Situations I am powerless to change make me crazy. Like most “control freaks” (my children’s all-too-accurate accusation), I’m okay with life problems that are fixable; tell me the only way to solve X is to climb mountain Y, and I’ll pull on my hiking boots. But the problems that most frequently make their way onto this blog are of a different order.
I think I have a lot of company among the ordinary citizens of this country and world. Unlike the self-styled revolutionaries on the radical Right, who far too often think possession of an AR 15 makes them powerful, we see ourselves as well-meaning individuals with very limited abilities to effect social or political change–as small cogs in the machineries of our respective societies.

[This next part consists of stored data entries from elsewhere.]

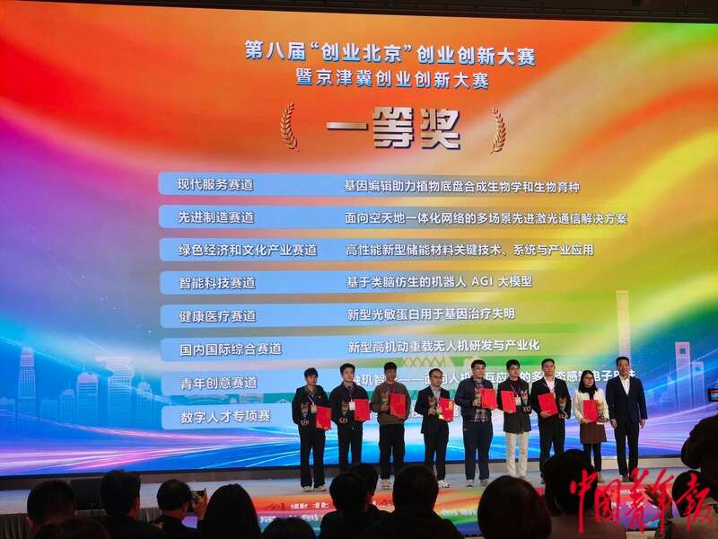 记者关注到,两场大赛的20个一等奖项目中,多个项目与前沿科技密切相关。例如,“创业北京”创业创新大赛青年创意赛道一等奖项目聚焦面向人机交互应用的多模态感知电子皮肤,智能科技赛道一等奖项目聚焦基于类脑仿生的机器人AGI大模型,健康医疗赛道一等奖项目聚焦新型光敏蛋白用于基因治疗失明等等。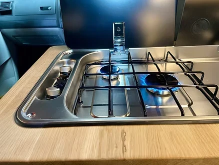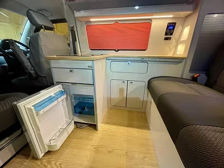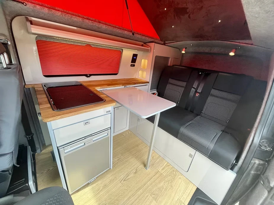 You can see a big splash of colour provided by the orange tent selected as part of the elevating roof system. The fun continues into the rear cab space with the addition of "flame" window pods by Vanshades. Because much of the touring in JJ will be on the Continent, we added a mesh fly screen option for the blinds. No doubt these will be appreciated when keeping the van cool but mosquitos out.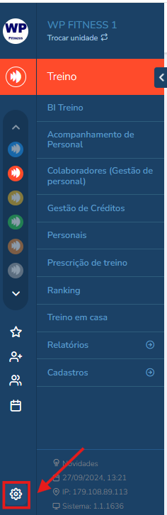 1. No menu lateral do sistema, clique no ícone de "Engrenagem";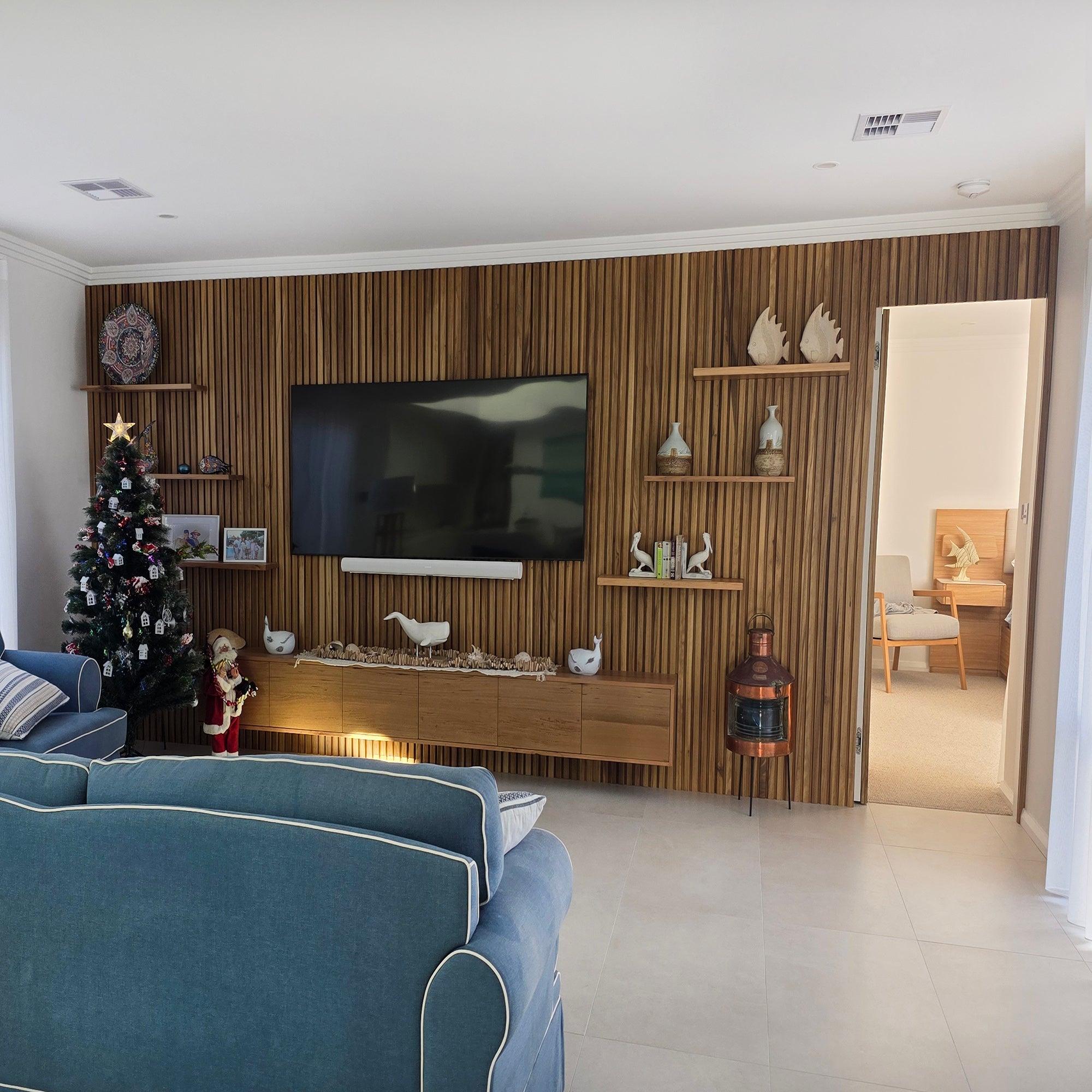 I’m so pleased with the timber paneling, it worked perfectly for our application. The majority was placed around our integrated fridge and housing our pantry. Also a feature panel on the end of the kitchen to separate it from what will be the entrance to our staircase.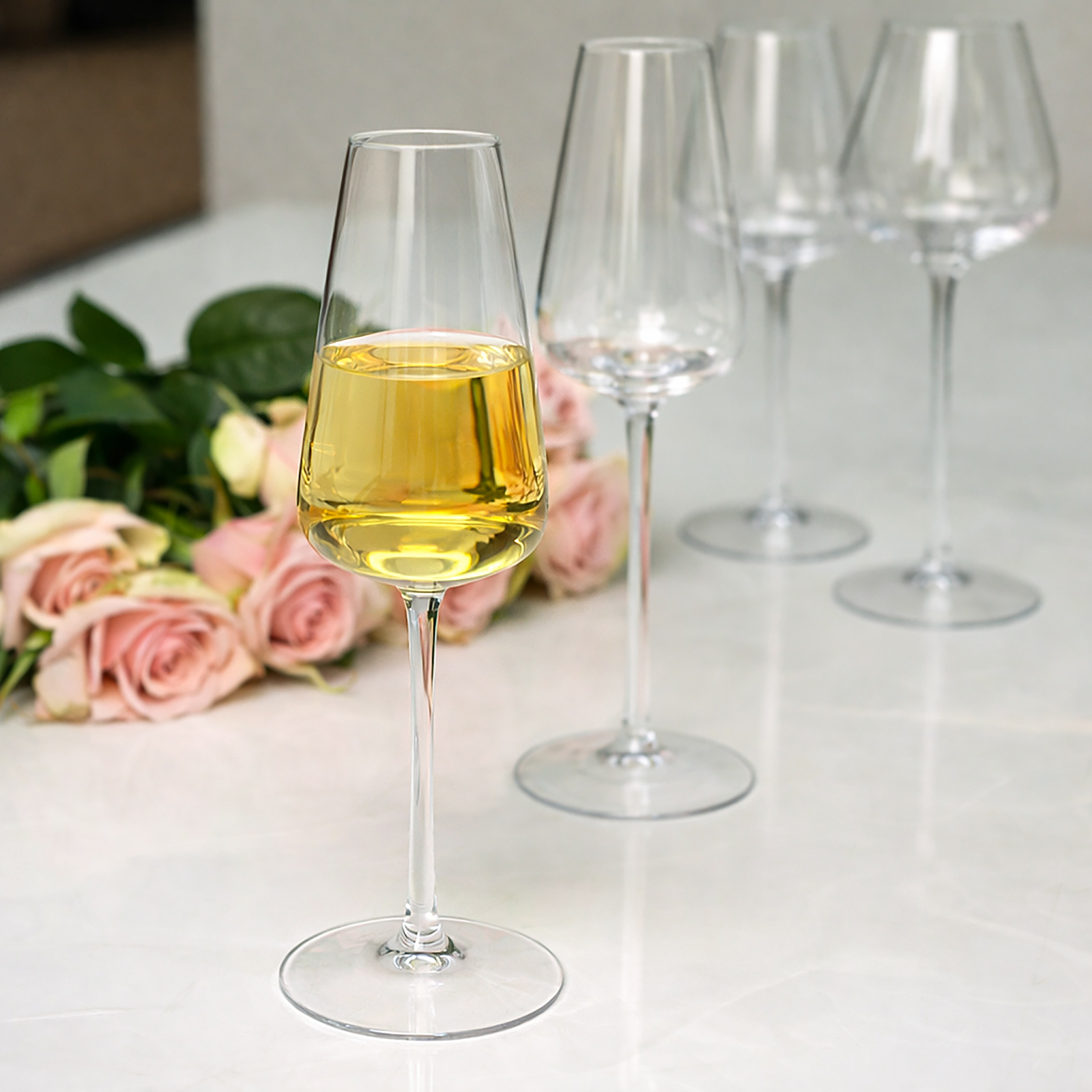 Придбання келихів у комплекті має безліч переваг. По-перше, це економія: набір бокалів для шампанського зазвичай обходиться дешевше, ніж купівля кожного окремо. По-друге, всі будуть виконані в одному стилі, що додасть застіллю гармонійного й естетичного вигляду.

Some individuals, however, do exercise disproportionate power–and the ways in which they do so illuminate an important imperative– the need to dismantle global oligarchies. For every “nice” billionaire whose philanthropies the powerless applaud and encourage, a darker mogul is making the world a much worse place.
Rupert Murdock is a prime example. A while back, an essay by Thom Hartmann in Common Dreams enumerated the multiple ways in which Murdock has worked to destroy democracy worldwide. Here’s the lede:
What country in its right mind would allow a foreign entity to come into their country, set up a major propaganda operation, and then use it to so polarize that nation that its very government suffers a violent assault and its democracy finds itself at a crossroads?
Apparently, the United States. And we’re not the first, according to former Australian Prime Minister Kevin Rudd.
Writing for The Sydney Morning Herald (the Australian equivalent of The New York Times) Rudd called Rupert Murdoch and his rightwing news operations “the greatest cancer on the Australian democracy.”
“The uncomfortable truth is,” Rudd wrote, “since the coup of June 2010, Australian politics has become vicious, toxic and unstable. The core question is why?”
Hartmann points out that Murdoch’s empire isn’t really a news organization–that it most resembles and operates as a political party, “acting in pursuit of clearly defined commercial interests, in addition to his far-right ideological world view.”
Brexit–which is currently wreaking economic havoc in the UK–would never have passed without the propaganda promulgated by the newspapers and media owned by Murdock in that country.
In the U.S., Fox News has from its inception been the political echo chamber of the far Right. It’s unlikely that the GOP’s devolution into the Trump party would have occurred without Fox’s deliberate campaigns of misinformation and propaganda.
Murdoch’s positions aren’t at all ambiguous, Rudd noted. They’re simply pro-billionaire/pro-oligarch and thus, by extension, anti-democracy.
“In Australia, as in America,” he wrote, “Murdoch has campaigned for decades in support of tax cuts for the wealthy, killing action on climate change and destroying anything approximating multiculturalism.
“Given Murdoch’s impact on the future of our democracy,” Rudd added, “it’s time to revisit it.”
Hartmann quotes Steve Schmidt, former advisor to George W. Bush and John McCain, and now a “Never Trumper”:
“Rupert Murdoch’s lie machine is directly responsible for the deaths of hundreds of thousands of Americans, the poisoning of our democracy and the stoking of a cold civil war. There has never been anything like it and it is beyond terrible for the country. Bar none, Rupert Murdoch is the worst and most dangerous immigrant to ever arrive on American soil. There are no words for the awfulness of his cancerous network.”
What Hartmann’s essay does well is illuminate the danger oligarchies pose to the planet and those of us who live on it. When a few people control the overwhelming majority of wealth and power in a society, it is suicidal to simply hope for their benevolence.
What Hartmann’s essay fails to do is offer a remedy–and that brings me back to my opening admission. What do we do–what can we do– about the cancer of Fox “News” and its clones? Past comments have stressed the importance of education in critical thinking, and that is surely part of the long-term answer.
If we make it to the long term.
We need to cut the oligarchy off at its knees sooner rather than later–and that will require a significant increase in tax rates for the oligarchs, along with an international effort to eradicate the various tax havens that allow these predators to hide their assets.
That won’t happen in the U.S. until the mindless cult that was once a political party is resoundingly rejected. At this point, our overriding need is to defeat the GOP monster that Murdock’s excessive power has created and maintained.
All individuals can do is work to get out the vote. It will have to be enough.